*** Exercise data Section Begins ***

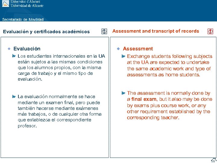 Evaluación y certificados académicos Evaluación Los estudiantes internacionales en la UA están sujetos a las mismas condiciones que los alumnos propios, con la misma carga de trabajo y el mismo tipo de evaluación. La evaluación normalmente se hace mediante un examen final, pero puede también hacerse mediante exámenes más trabajos, o de cualquier otra forma que establezca el correspondiente profesor. Assessment and transcript of records Assessment Exchange students following subjects at the UA are expected to undertake the same academic work and type of assessments as home students. The assessment is normally done by a final exam, but it also may be done by exams plus course work, or any other requirement established by the corresponding teacher.
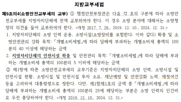 「지방교부세법」 제9조의4 및 동법 시행령 제10조의4에는 소방안전교부세를 사용할 수 있는 대상 사업이 명확히 정해져 있다.
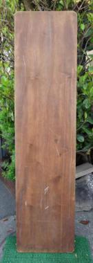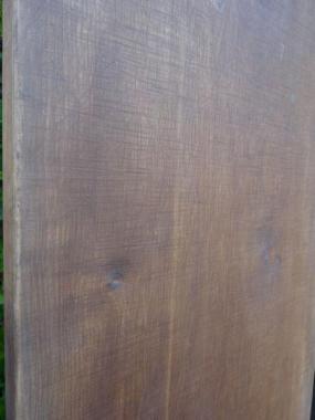 同じ方向に短く線が入っています。何かの作業台として使われていた板かもしれません。ただの古材ではなく、人の手によるダメージが加わっており一風変わった板です。
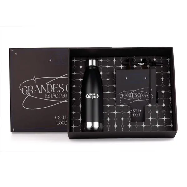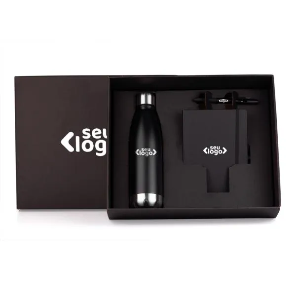 Kit composto por garrafa em aço Inox preta com tampa rosqueável; caderno para anotações preto com capa dura e caneta em ABS preta.
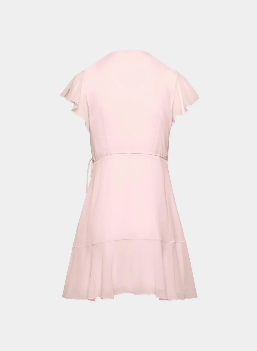 Ein Grund für eine Gartenparty Dieses Wickelkleid mit V-Ausschnitt hat einen gerüschten Saum und einen Bindegürtel. Es ist aus Fête Chiffon™ gefertigt – einem leichten, halbtransparenten Stoff.
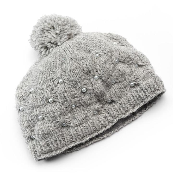 This elegant Sijjl beanie gives you look a feminine touch with beaded detailing and a pom-pom accent on top. In gray. Pom-pom and beaded details Cable-knit design Fleece lining One size fits most Fabric & Care Wool, polyester Spot clean Imported Color: Grey. Gender: Female. Age Group: Adult. Material: Fleece/Wool/Knit.
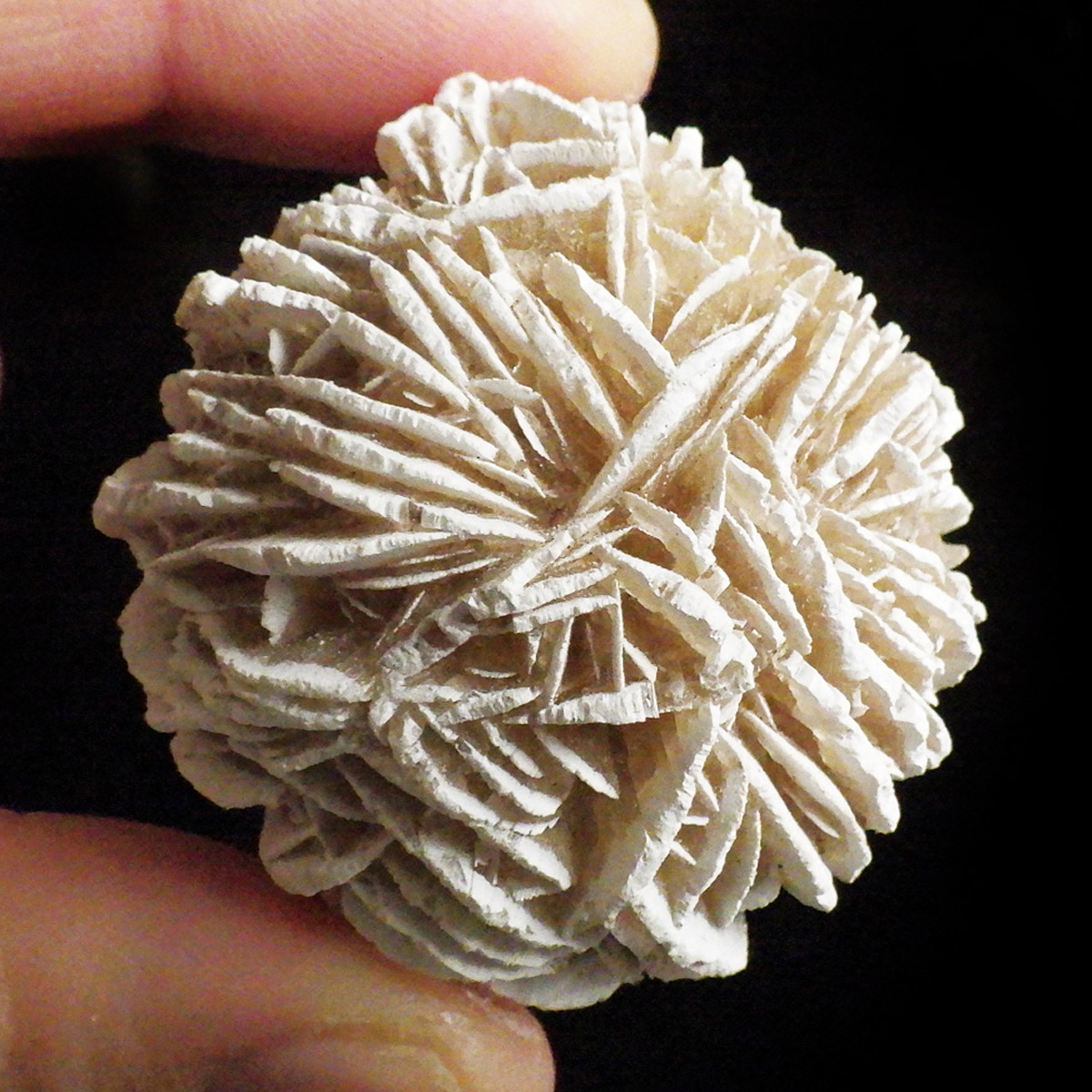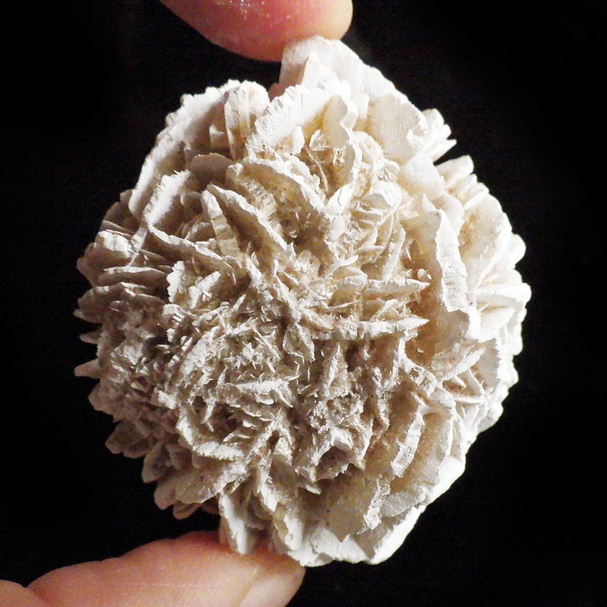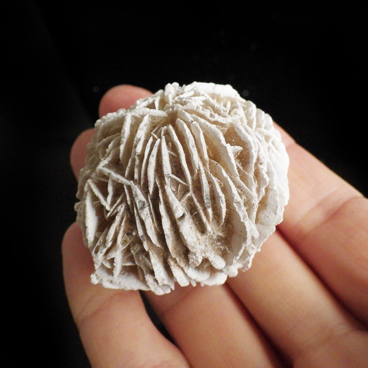 メキシコ産、デザートローズの原石です。手のひらに収まる大きさで形がかわいい結晶を厳選して集めました。デザートローズはジプサムを主成分とした砂漠で見つかる薔薇の花の形の結晶のことです。全体のフォルムとして見た目が丸っこく、細かいところまで織り成す結晶の美しさと神秘さが素敵です。

*** Exercise data Section Ends ***

No picture is to be printed. Output exactly the lines above from the line containing "同じ方向に短く線が入っていま" through the line containing "Ein Grund für".

◆ **Written answer**:
 同じ方向に短く線が入っています。何かの作業台として使われていた板かもしれません。ただの古材ではなく、人の手によるダメージが加わっており一風変わった板です。
 Kit composto por garrafa em aço Inox preta com tampa rosqueável; caderno para anotações preto com capa dura e caneta em ABS preta.
 Ein Grund für eine Gartenparty Dieses Wickelkleid mit V-Ausschnitt hat einen gerüschten Saum und einen Bindegürtel. Es ist aus Fête Chiffon™ gefertigt – einem leichten, halbtransparenten Stoff.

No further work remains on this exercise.